▶ WHAT THE TASK ASKS: Where a picture appears, leave it out, and print the rest of the records as they are.
########################################
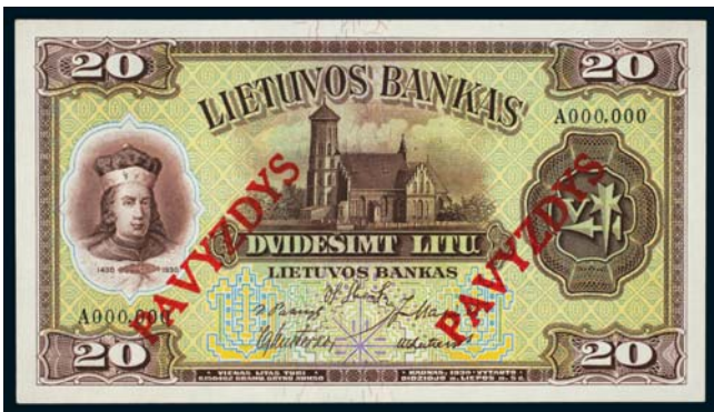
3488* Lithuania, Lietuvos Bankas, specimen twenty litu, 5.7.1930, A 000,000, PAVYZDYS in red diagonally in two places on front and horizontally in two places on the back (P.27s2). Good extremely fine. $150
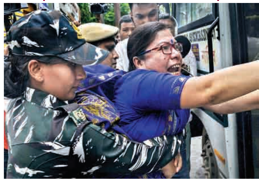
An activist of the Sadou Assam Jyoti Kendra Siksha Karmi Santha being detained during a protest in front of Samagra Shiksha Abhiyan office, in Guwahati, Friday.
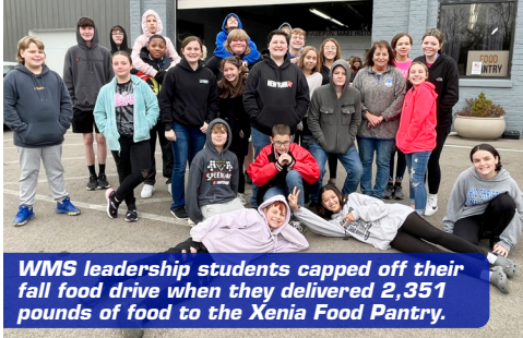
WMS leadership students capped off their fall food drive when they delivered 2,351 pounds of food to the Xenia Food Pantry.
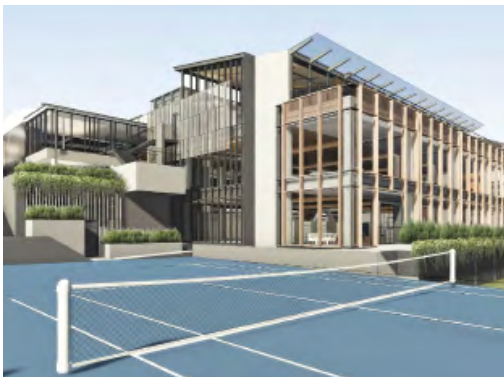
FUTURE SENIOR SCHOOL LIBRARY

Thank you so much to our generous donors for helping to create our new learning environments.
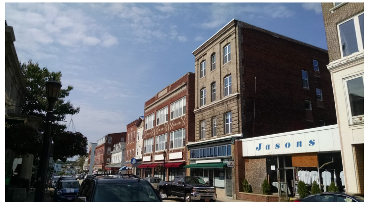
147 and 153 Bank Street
########################################
▶ REPLY:
3488* Lithuania, Lietuvos Bankas, specimen twenty litu, 5.7.1930, A 000,000, PAVYZDYS in red diagonally in two places on front and horizontally in two places on the back (P.27s2). Good extremely fine. $150
An activist of the Sadou Assam Jyoti Kendra Siksha Karmi Santha being detained during a protest in front of Samagra Shiksha Abhiyan office, in Guwahati, Friday.
WMS leadership students capped off their fall food drive when they delivered 2,351 pounds of food to the Xenia Food Pantry.
FUTURE SENIOR SCHOOL LIBRARY

Thank you so much to our generous donors for helping to create our new learning environments.
147 and 153 Bank Street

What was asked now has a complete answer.